А тут Барби и все такое. В этом обрамлении Сокуровщина отдает, извините, снобизмом и вызывает досаду. В этом, я думаю, причина отказа взять «Сказку» в программу Каннского фестиваля. Это как если в игрушечном магазине в ряду розовых Барби посадить зареванную девочку. Или собачку (кошек Александр Николаевич почему-то не любит) – то есть существо радикально более сложное и живое. В общем, что-то из ряда вон выходящее. А тут еще в придачу и сам автор ни в какие ворота не лезет.
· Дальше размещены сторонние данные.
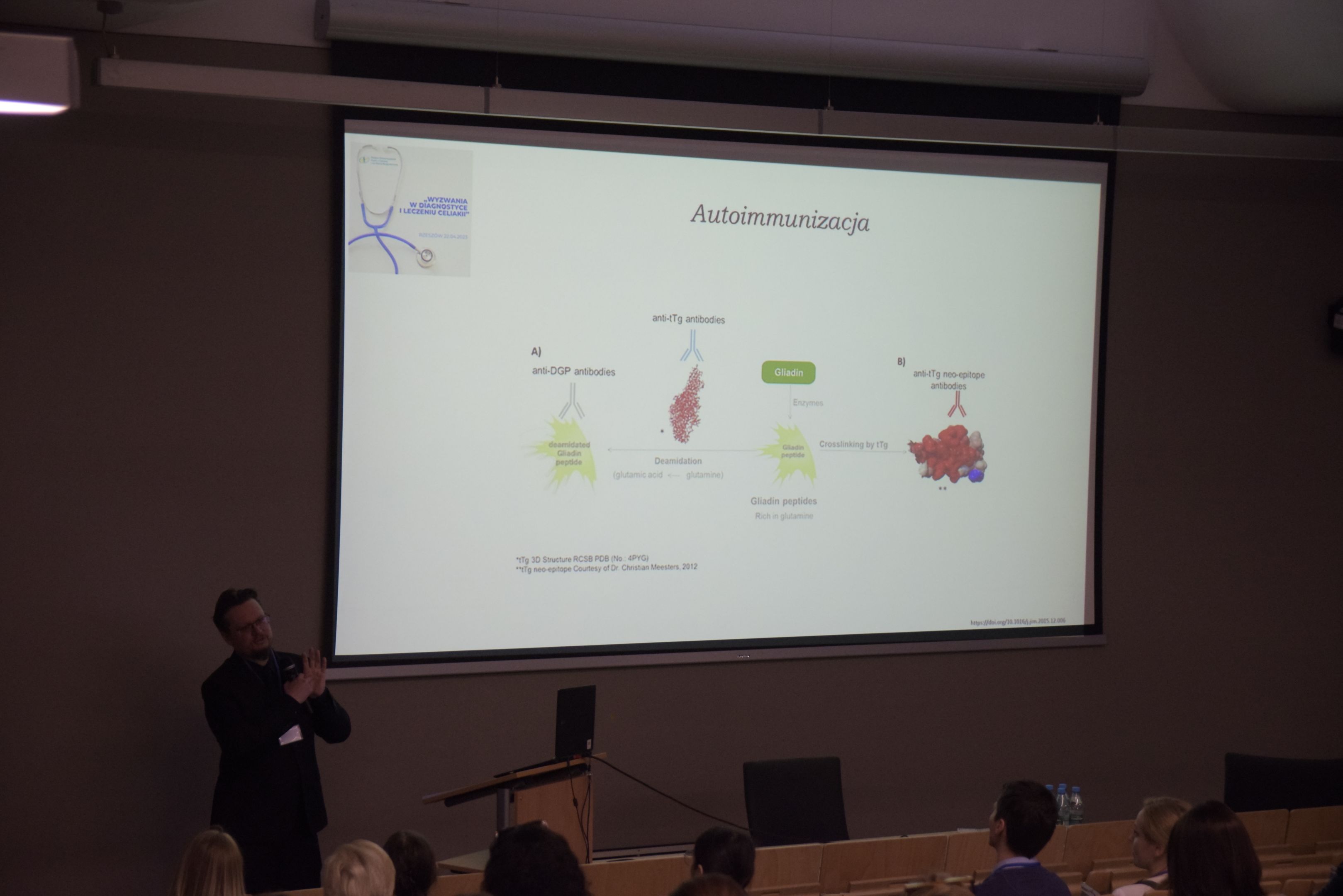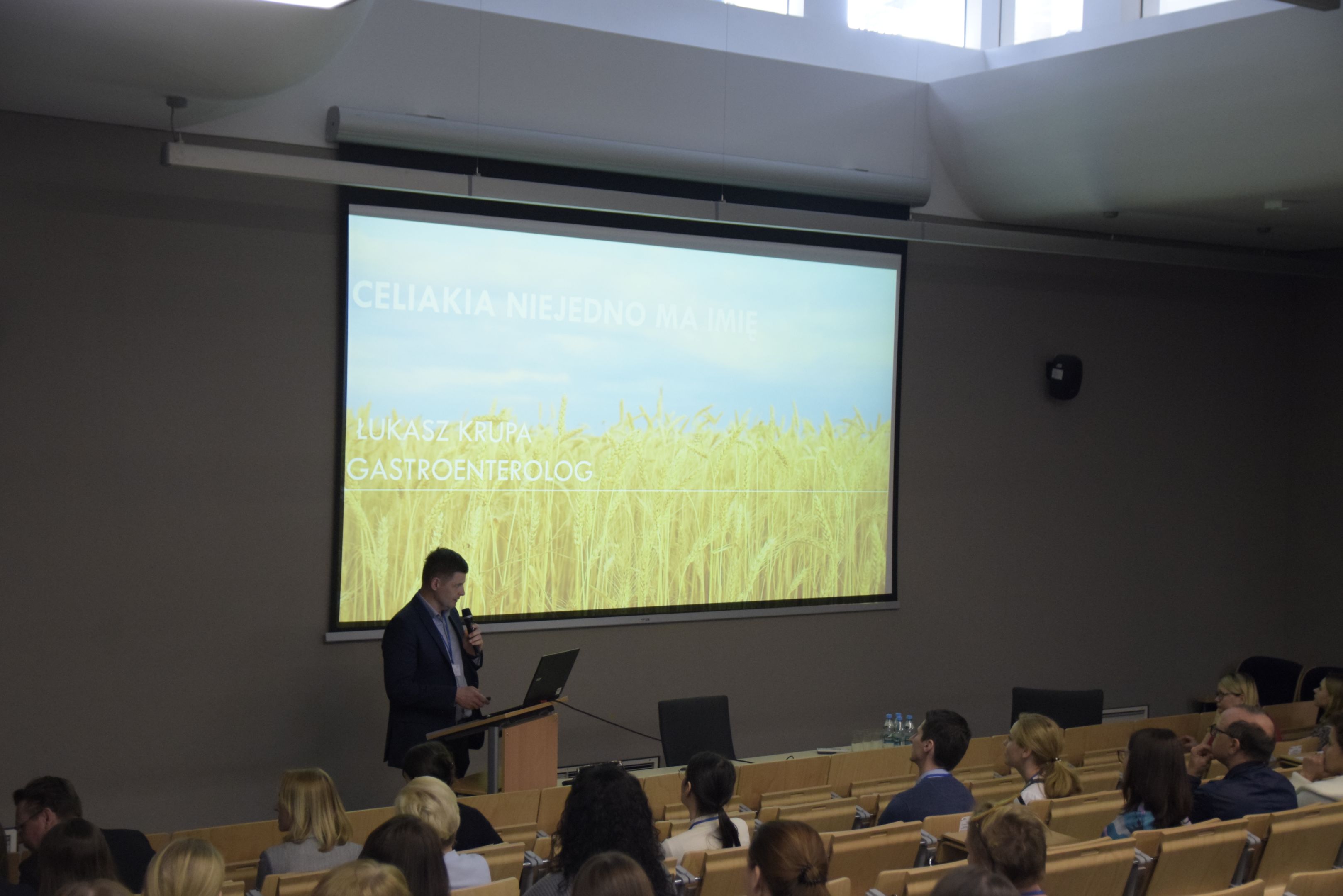 Sesję wykładów zainicjowała Prezes Polskiego Stowarzyszenia Osób z Celiakią i na Diecie Bezglutenowej Małgorzata Źródlak ukazując ważna rolę Stowarzyszenie we wspieraniu osób będących na diecie bezglutenowej. Prof. dr hab. n. med. Bartosz Korczowski Instytut Nauk Medycznych KNM wygłosił wykład ,,Wyzwania w diagnostyce i leczeniu celiakii”. Kolejny wykład przedstawił dr hab. n. med. Mariusza Dąbrowskiego prof. UR Instytut Nauk Medycznych KNM ,,Celiakia i cukrzyca typu 1: Dalecy kuzyni, czy trochę bliżsi krewni?” wskazując iż cukrzyca typu 1 często towarzyszy osobom z chorobą trzewną. Natomiast prof. dr hab. n. med. i n. o zdr. Jacek Tabarkiewicz Instytut Nauk Medycznych KNM w wykładzie „Celiakia jako choroba autoimmunizacyjna” wyjaśnił autoimmunizacyjną przyczynę celiakii. Przedostatnim wykład „Celiakia niejedno ma imię” przedstawił dr Łukasz Krupa omawiając przypadki pacjentów z choroba trzewną z praktyki lekarskiej w szpitalu i przychodni. Wystąpienie “Glutenowe pułapki – dieta bezglutenowa w praktyce” mgr Natalii Lipietty, dietetyka z Centrum Diety Bezglutenowej zakończyło konferencję.

А вот из его ответов на вопросы из зала после московского закрытого просмотра (я туда тоже был приглашен): Мы не должны судить. Если мы будем прокурорствовать, у нас вообще ничего не получится. Судить-то просто – по трафарету. Трудно понимать. Постарайтесь понять (Сокуров часто повторяет это как мантру)… что Гитлер был довольно рефлексирующим человеком. Это не оправдывает его преступлений, а просто надо отказаться от трафарета. Работая над сценарием, Сокуров прочел все о Гитлере и все, что записывали за ним (а также за Сталиным, Муссолини и Черчиллем).

Понимать боязно: надо отпихнуть спасательные круги готовых формул. Но только так удастся пройти по воде.

Христос, – объясняет Сокуров его присутствие в «Сказке», – никому не нужен. Кроме людей. Отцу он не нужен. Для ветхозаветного Бога Иисус – инструмент. В сцене Моления о чаше есть деталь, о которой нам напомнил Сокуров: ученики спят, хотя Иисус умоляет их бодрствовать, чтобы быть вроде как с Ним. Но трижды, возвращаясь после разговора с Отцом, не принесшим, впрочем, результата, Он находит их спящими. Лука, ища оправдания человеческой слабости, добавляет, что ученики заснули от печали.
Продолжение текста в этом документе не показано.